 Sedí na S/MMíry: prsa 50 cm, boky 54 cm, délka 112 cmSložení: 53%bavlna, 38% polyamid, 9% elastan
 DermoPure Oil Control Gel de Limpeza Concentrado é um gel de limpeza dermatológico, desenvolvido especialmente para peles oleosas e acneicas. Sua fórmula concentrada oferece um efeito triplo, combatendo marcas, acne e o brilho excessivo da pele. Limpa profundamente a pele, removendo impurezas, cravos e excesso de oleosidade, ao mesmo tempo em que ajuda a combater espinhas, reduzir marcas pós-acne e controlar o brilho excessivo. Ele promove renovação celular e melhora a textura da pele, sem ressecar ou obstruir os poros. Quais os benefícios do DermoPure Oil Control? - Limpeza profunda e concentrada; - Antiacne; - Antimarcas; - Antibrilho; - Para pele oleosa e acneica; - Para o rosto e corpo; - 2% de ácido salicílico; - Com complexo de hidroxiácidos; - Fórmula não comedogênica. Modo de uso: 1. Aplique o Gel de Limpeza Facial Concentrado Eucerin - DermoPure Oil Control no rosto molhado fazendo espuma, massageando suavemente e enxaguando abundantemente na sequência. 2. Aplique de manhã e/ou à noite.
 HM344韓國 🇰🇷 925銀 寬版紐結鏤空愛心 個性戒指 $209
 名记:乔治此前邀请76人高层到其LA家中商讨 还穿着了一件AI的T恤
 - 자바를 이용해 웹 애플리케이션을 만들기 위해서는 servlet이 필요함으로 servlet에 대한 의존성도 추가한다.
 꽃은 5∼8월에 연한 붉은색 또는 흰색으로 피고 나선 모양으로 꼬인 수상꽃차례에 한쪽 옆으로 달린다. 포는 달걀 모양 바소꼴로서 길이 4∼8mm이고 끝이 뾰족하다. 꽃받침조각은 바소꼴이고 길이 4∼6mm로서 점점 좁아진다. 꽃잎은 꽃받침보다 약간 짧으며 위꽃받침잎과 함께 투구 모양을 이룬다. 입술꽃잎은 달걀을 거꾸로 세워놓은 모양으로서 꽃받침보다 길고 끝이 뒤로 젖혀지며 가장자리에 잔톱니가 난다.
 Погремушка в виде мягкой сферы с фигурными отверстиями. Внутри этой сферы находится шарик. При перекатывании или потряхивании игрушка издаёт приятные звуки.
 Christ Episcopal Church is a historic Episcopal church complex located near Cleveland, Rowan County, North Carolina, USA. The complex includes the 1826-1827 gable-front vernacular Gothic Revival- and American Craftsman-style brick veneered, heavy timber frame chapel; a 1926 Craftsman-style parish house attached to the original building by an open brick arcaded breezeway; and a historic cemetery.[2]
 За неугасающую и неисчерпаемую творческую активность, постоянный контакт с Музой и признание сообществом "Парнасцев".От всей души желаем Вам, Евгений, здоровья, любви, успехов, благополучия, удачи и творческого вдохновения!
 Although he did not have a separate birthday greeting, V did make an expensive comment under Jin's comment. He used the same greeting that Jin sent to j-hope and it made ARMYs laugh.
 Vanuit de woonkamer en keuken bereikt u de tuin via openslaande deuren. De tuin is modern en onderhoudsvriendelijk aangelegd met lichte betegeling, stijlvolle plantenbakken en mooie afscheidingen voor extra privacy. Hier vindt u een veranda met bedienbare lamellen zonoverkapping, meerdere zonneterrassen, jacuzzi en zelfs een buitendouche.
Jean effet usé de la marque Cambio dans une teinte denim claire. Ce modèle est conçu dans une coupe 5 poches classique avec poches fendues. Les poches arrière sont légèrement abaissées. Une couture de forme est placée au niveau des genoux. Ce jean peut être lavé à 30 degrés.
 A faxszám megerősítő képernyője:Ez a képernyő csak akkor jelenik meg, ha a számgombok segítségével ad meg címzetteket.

##############################

- **Your goal**:
When you retype the entries above, keep every line identical to the source.

- **Your solution**:
 Sedí na S/MMíry: prsa 50 cm, boky 54 cm, délka 112 cmSložení: 53%bavlna, 38% polyamid, 9% elastan
 DermoPure Oil Control Gel de Limpeza Concentrado é um gel de limpeza dermatológico, desenvolvido especialmente para peles oleosas e acneicas. Sua fórmula concentrada oferece um efeito triplo, combatendo marcas, acne e o brilho excessivo da pele. Limpa profundamente a pele, removendo impurezas, cravos e excesso de oleosidade, ao mesmo tempo em que ajuda a combater espinhas, reduzir marcas pós-acne e controlar o brilho excessivo. Ele promove renovação celular e melhora a textura da pele, sem ressecar ou obstruir os poros. Quais os benefícios do DermoPure Oil Control? - Limpeza profunda e concentrada; - Antiacne; - Antimarcas; - Antibrilho; - Para pele oleosa e acneica; - Para o rosto e corpo; - 2% de ácido salicílico; - Com complexo de hidroxiácidos; - Fórmula não comedogênica. Modo de uso: 1. Aplique o Gel de Limpeza Facial Concentrado Eucerin - DermoPure Oil Control no rosto molhado fazendo espuma, massageando suavemente e enxaguando abundantemente na sequência. 2. Aplique de manhã e/ou à noite.
 HM344韓國 🇰🇷 925銀 寬版紐結鏤空愛心 個性戒指 $209
 名记:乔治此前邀请76人高层到其LA家中商讨 还穿着了一件AI的T恤
 - 자바를 이용해 웹 애플리케이션을 만들기 위해서는 servlet이 필요함으로 servlet에 대한 의존성도 추가한다.
 꽃은 5∼8월에 연한 붉은색 또는 흰색으로 피고 나선 모양으로 꼬인 수상꽃차례에 한쪽 옆으로 달린다. 포는 달걀 모양 바소꼴로서 길이 4∼8mm이고 끝이 뾰족하다. 꽃받침조각은 바소꼴이고 길이 4∼6mm로서 점점 좁아진다. 꽃잎은 꽃받침보다 약간 짧으며 위꽃받침잎과 함께 투구 모양을 이룬다. 입술꽃잎은 달걀을 거꾸로 세워놓은 모양으로서 꽃받침보다 길고 끝이 뒤로 젖혀지며 가장자리에 잔톱니가 난다.
 Погремушка в виде мягкой сферы с фигурными отверстиями. Внутри этой сферы находится шарик. При перекатывании или потряхивании игрушка издаёт приятные звуки.
 Christ Episcopal Church is a historic Episcopal church complex located near Cleveland, Rowan County, North Carolina, USA. The complex includes the 1826-1827 gable-front vernacular Gothic Revival- and American Craftsman-style brick veneered, heavy timber frame chapel; a 1926 Craftsman-style parish house attached to the original building by an open brick arcaded breezeway; and a historic cemetery.[2]
 За неугасающую и неисчерпаемую творческую активность, постоянный контакт с Музой и признание сообществом "Парнасцев".От всей души желаем Вам, Евгений, здоровья, любви, успехов, благополучия, удачи и творческого вдохновения!
 Although he did not have a separate birthday greeting, V did make an expensive comment under Jin's comment. He used the same greeting that Jin sent to j-hope and it made ARMYs laugh.
 Vanuit de woonkamer en keuken bereikt u de tuin via openslaande deuren. De tuin is modern en onderhoudsvriendelijk aangelegd met lichte betegeling, stijlvolle plantenbakken en mooie afscheidingen voor extra privacy. Hier vindt u een veranda met bedienbare lamellen zonoverkapping, meerdere zonneterrassen, jacuzzi en zelfs een buitendouche.
Jean effet usé de la marque Cambio dans une teinte denim claire. Ce modèle est conçu dans une coupe 5 poches classique avec poches fendues. Les poches arrière sont légèrement abaissées. Une couture de forme est placée au niveau des genoux. Ce jean peut être lavé à 30 degrés.
 A faxszám megerősítő képernyője:Ez a képernyő csak akkor jelenik meg, ha a számgombok segítségével ad meg címzetteket.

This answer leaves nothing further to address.